[Provided records]:
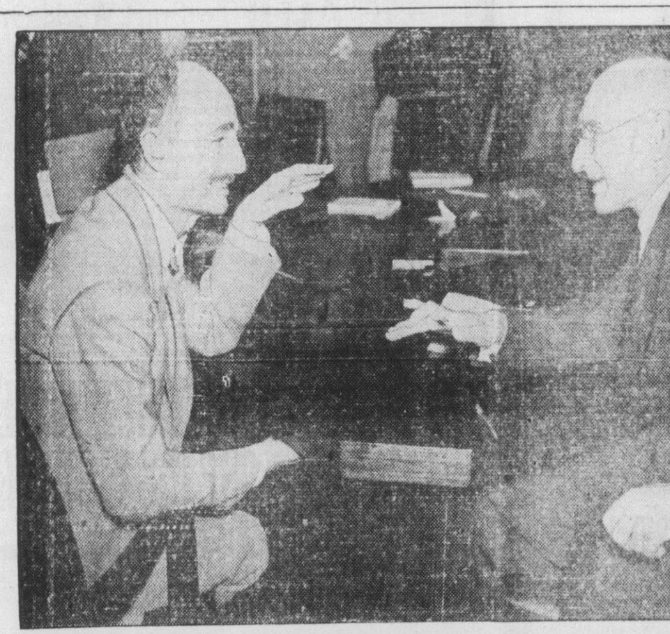
Asserting that TVA officials had instructed employees of the Authority "not to talk" to him and that he could question them only through Francis Biddle, committee counsel, Dr. Arthur E. Morgan, denounced chairman, turned the probe gathering at Knoxville, Tenn., momentarily into an uproar. Here Morgan (right) is cross-examined before the congressional committee by Biddle—only it looks like both rae talking at the same time.
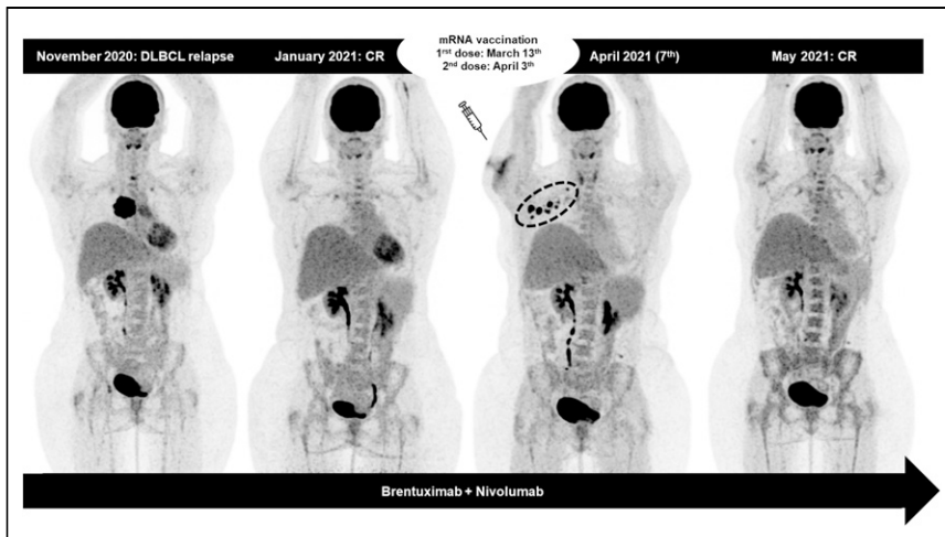
FIGURE 2. Maximum-intensity-projection ^{18}\text{F} -FDG PET images of 45-y-old woman with relapsed DLBCL in mediastinum. Patient was treated with brentuximab and nivolumab and experienced complete metabolic response 2 mo after initiation of therapy (January 2021). Although continuing lymphoma therapy, she received 2 mRNA COVID-19 vaccine injections in right deltoid. ^{18}\text{F} -FDG PET/CT scan 4 d after last vaccine dose (April 2021) showed several HLNs (encircled). On subsequent ^{18}\text{F} -FDG PET/CT scan 1 mo later, HLNs disappeared, strongly suggesting their relation to vaccination. This clinical presentation thus highlights presence of v-HLNs in patient younger than 50 y and with normal ALC at time of ^{18}\text{F} -FDG PET/CT, which was performed less than 30 d after last vaccine dose. CR = complete response; DLBCL = diffuse large B-cell lymphoma.

absence of lymphopenia (OR, 2.2; 95% CI, 1.1–4.3), and a less than 30-d interval from the last vaccine injection to the date of ^{18}\text{F} -FDG PET/CT (OR, 2.6; 95% CI, 1.3–5.6) were statistically significant factors associated with v-HLNs (Fig. 2) on univariate analysis (Table 2). All parameters remained independent predictors of the v-HLN status on multivariate analysis. Interestingly, for patients displaying lymphopenia after vaccination, we evaluated the dynamic of ALC and found that a low ALC existed before vaccination in most patients (67%, n = 36 ) suggesting that lymphopenia was not related to vaccination. The immunosuppression, the type of vaccine, and the number of doses were not associated with v-HLNs.
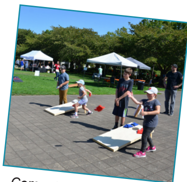
Competitors in the rule breakers division.
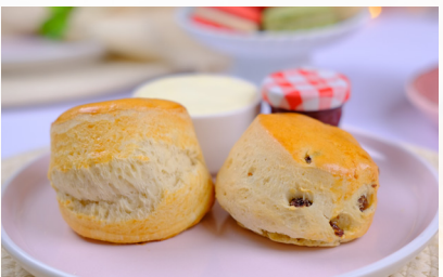
SCONES 5.95 A plain and a raisin with clotted cream & strawberry preserves (349 cal)
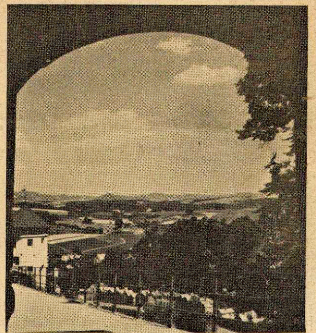
This is how the new Division Rest Center at the Oberhaus in Passau will look to the first contingent of GIs arriving on or about the Fourth (left), and this is how the world will look from the old castle drawbridge once they're in. (right)
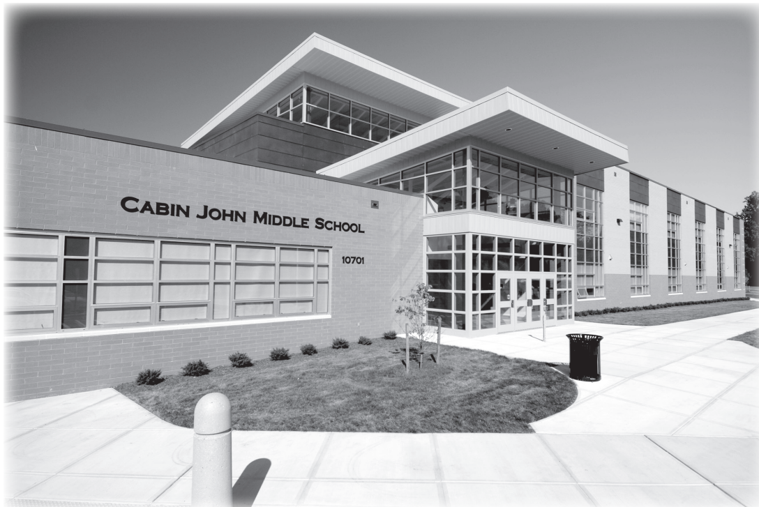
Cabin John Middle School

*Relocatables on site to address overutilization

[Exercise aim]:
Go line by line through the data above and count those holding "This"; report the number alone.

[Answer]:
2